> TASK PROMPT: In the entries below, find the line with "Un video difundido" and the line with "Women's Two Piece". Return those two lines and all lines between them, exactly.

═════ DATASET EXTRACT ═════

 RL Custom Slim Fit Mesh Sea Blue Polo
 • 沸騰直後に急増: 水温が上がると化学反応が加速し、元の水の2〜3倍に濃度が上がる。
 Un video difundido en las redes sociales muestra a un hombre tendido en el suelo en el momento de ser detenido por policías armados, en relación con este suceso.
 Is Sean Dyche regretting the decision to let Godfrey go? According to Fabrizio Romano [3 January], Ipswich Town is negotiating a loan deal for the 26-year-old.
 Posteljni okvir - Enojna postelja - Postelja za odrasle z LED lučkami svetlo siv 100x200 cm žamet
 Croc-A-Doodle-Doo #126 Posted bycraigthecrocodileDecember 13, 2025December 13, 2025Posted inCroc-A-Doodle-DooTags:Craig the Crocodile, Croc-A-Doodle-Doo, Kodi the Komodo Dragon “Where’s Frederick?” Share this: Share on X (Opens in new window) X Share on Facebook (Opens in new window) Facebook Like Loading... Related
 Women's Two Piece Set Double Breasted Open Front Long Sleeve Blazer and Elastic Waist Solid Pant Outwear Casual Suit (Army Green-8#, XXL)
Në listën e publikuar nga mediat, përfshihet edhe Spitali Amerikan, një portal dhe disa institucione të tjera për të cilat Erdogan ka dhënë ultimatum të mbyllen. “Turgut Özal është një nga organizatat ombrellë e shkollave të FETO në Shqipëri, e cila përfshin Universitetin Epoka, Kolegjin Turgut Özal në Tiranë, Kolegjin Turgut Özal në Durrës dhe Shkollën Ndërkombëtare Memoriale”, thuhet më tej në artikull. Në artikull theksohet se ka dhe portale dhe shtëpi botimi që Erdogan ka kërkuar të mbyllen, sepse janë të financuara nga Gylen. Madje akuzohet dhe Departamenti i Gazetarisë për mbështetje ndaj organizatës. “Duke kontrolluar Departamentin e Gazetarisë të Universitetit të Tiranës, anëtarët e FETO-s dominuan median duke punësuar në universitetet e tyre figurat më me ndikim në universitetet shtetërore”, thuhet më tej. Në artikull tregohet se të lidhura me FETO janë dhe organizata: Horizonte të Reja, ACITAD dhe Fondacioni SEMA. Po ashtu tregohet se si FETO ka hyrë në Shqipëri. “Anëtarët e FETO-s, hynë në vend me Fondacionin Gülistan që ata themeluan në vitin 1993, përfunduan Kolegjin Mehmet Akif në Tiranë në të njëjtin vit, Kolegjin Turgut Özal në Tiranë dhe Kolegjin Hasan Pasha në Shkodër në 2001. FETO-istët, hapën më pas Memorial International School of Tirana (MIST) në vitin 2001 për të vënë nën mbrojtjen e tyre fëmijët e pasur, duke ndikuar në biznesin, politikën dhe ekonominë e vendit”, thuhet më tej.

═════

> SOLUTION FOR THIS TASK:
 Un video difundido en las redes sociales muestra a un hombre tendido en el suelo en el momento de ser detenido por policías armados, en relación con este suceso.
 Is Sean Dyche regretting the decision to let Godfrey go? According to Fabrizio Romano [3 January], Ipswich Town is negotiating a loan deal for the 26-year-old.
 Posteljni okvir - Enojna postelja - Postelja za odrasle z LED lučkami svetlo siv 100x200 cm žamet
 Croc-A-Doodle-Doo #126 Posted bycraigthecrocodileDecember 13, 2025December 13, 2025Posted inCroc-A-Doodle-DooTags:Craig the Crocodile, Croc-A-Doodle-Doo, Kodi the Komodo Dragon “Where’s Frederick?” Share this: Share on X (Opens in new window) X Share on Facebook (Opens in new window) Facebook Like Loading... Related
 Women's Two Piece Set Double Breasted Open Front Long Sleeve Blazer and Elastic Waist Solid Pant Outwear Casual Suit (Army Green-8#, XXL)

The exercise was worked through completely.